Even when you have decided to buy insurance, the problem still arises as to whether you have the right amount of insurance. Most people are either underinsured or over insured. The problem for those that are underinsured is that when it is time to make a claim, it is never enough to get them back to their previous position. For the over-insured, the problem is that they are paying premiums that are too high.
A popular approach to buying insurance is based on income replacement. In this approach, a formula of between five and ten times your annual salary is often used to calculate how much coverage you need. Another approach is to purchase insurance based on your individual needs and preferences. The first step is to determine your unique income replacement needs.

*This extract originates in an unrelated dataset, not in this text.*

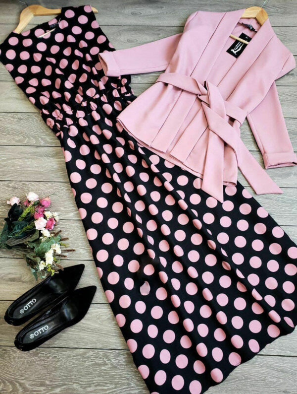 يتألف الطقم من : فستان + جاكيت
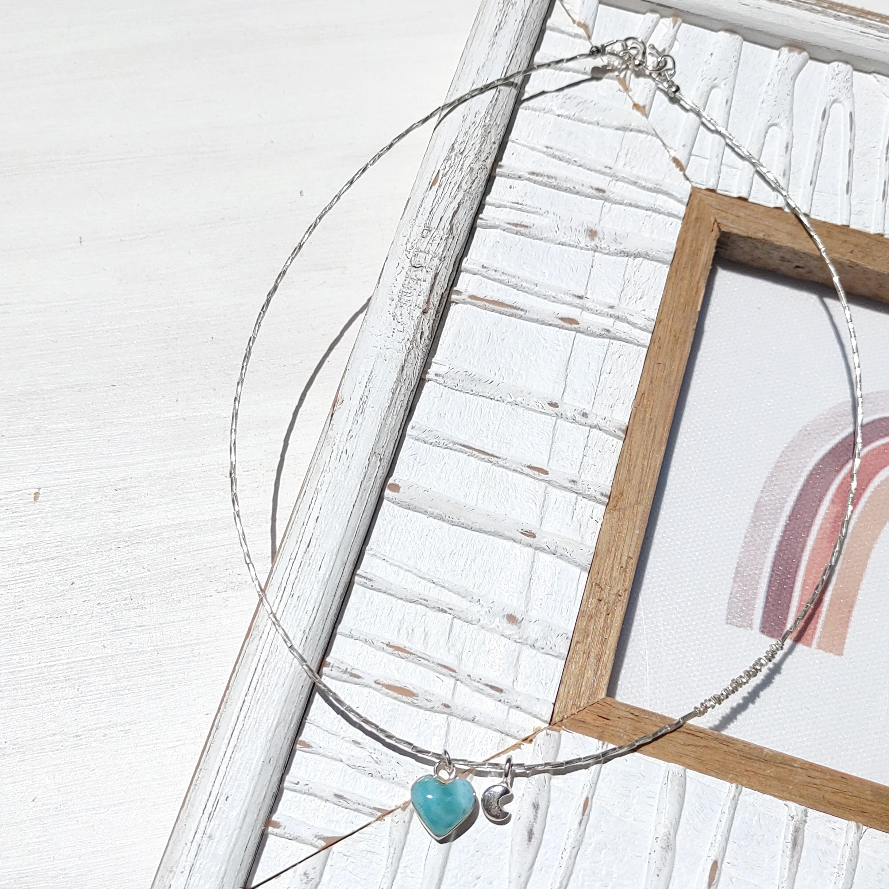 ドミニカ共和国直輸入の可愛いハートラリマー、寄り添うsilver925の可愛いお月様を合わせた

Currently, a large portion of your income goes to taxes (insurance benefits are generally income tax free) and to support your own lifestyle. Start off by determining your net earnings after taxes. Then add up all your personal expenses such as food, clothing, magazine subscriptions, club memberships, transportation expenses, etc. The remainder represents annual income that your insurance will need to replace.
You’ll want a death benefit amount which, when invested, will provide income annually to cover this amount. Then, you should add to that the amounts needed to fund one-time expenses such as college tuition for your children or paying down mortgage or debt.
Income replacement for nonworking spouses is an important and often overlooked insurance need. Coverage should provide for your costs for day care, housekeeping, or nursing care. Add to this any net earnings from part-time employment. Finally, estimate your own “final expenses” such as estate taxes, uninsured medical costs, and funeral costs.
It will be hard to get an insurance agent who is going to inform you if you are not adequately insured. To them a tiny sale is better than no sale at all. So it is only wise to make sure you understand what you are getting in your insurance package and understand the ramifications to your pocketbook.